Title: A Vietnamese Catholic family in the Red River Delta and beyond:
The Story of Dr Nguyễn Xuân Mai, his ancestors and descendants
Speaker: TRAN Thi Liên Claire, Irasec, Bangkok
Date & Time: June 20, 2019 16:00-18:00
Venue: Small-sized Meeting Room I, Inamori Bldg. 3F
Abstract:
Drawing from the history of a North Vietnamese Catholic family over 4 generations, I demonstrate how belonging religious minority could create a strong minority identity and opportunities for its members to enlarge their horizons through transnational networks.

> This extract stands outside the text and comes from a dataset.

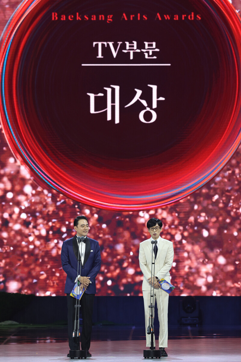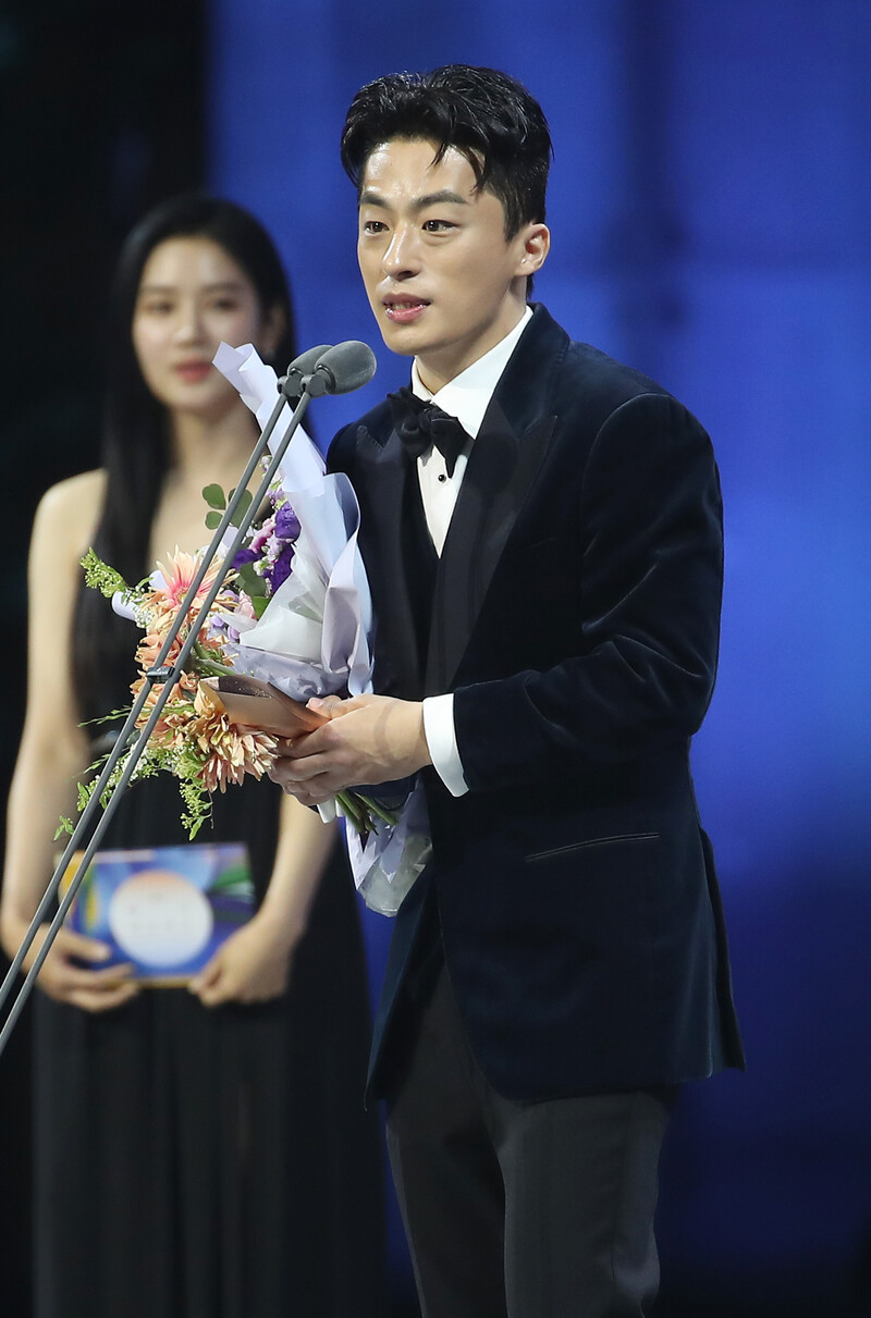 These photos, provided by Baeksang Arts Awards, show S. Korean actors receiving awards at the 58th Baeksang Arts Awards held at the KINTEX convention center in Goyang, Gyeonggi Province, on May 6, 2022.
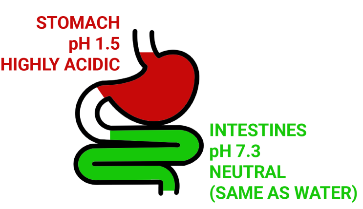 Immediate-release products are absorbed in the stomach, which is highly acidic (pH 1.5).

From the itinerary of the politician Nguyễn Manh Hà, a leftist catholic figure, founder of the Vietnamese Youth Workers in Haiphong, and Ho Chi Minh’s Minister of Economy in the first Provisory government in 1945, this project examines the trajectories of Hà and his ancestors, their physical itineraries, and intellectual transformations.
Originating from Cao Xá, a village in the Hưng Yên province, 50 km south of Hà Nội, Hà is coming from a devout catholic home in the Eastern Tonkin Vicariate, which had been evangelized by the Spanish Dominicans since the end of the 17th century. His father, Dr Nguyễn Xuân Mai, one of the first graduates of the Medical school in Hanoi in 1910, enlisted as a volunteer auxiliary doctor in the French Army in 1916 during the First World War. Though he suceeded in getting his doctorate in France, he died at the early age of 40 as a result of war injuries. In Tonkin, Hà was raised by his grandfather, Nguyễn Văn Đăng, who was serving as a civil servant (lettré de residence) in the Vietnamese administration (Tonkin under protectorate). His great grandfather had been one of the 19 martyrs of the Vicariate during the Nguyẽn Emperor Tự Đức’s persecutions against the “perverse religion”.
This history of this Northern Catholic family over 4 generations is based on private archives (with important visual sources and interviews) and colonial and religious ones. It intends to present also an overview on a period of great transformation where modernity and tradition were the challenges of the new ongoing Vietnamese elite.
About the Speaker:
Claire Thi Liên Trân is an historian of contemporary Vietnam and works on the history of Catholicism, state / religious relations, the history of elites and of the press. She is also interested in the management of religious pluralism and religious mobilities in Southeast Asia. She is associate professor at Paris Diderot University, where she teaches the Southeast Asian history. Since 2016, she has served as the Director of Irasec (Research Institute on Contemporary Southeast Asia) based in Bangkok. She is co-editor of the annual publication L’Asie du Sud-Est, Bilan, enjeux et perspectives and is the author of articles on Vietnam. She is editing, with Bernardo Brown (International Christian University, Tokyo) a special issue on “Flows and Mobility in Southeast Asian Christianity” in Sojourn, Journal of Social Issues in Southeast Asia ISEAS. She is currently editing a collective book: Master of their own Destiny”: Asians in World War One and a biographical monograph, A Vietnamese Catholic family in the Red River Delta and beyond: The Story of Dr Nguyễn Xuân Mai, his ancestors and descendants.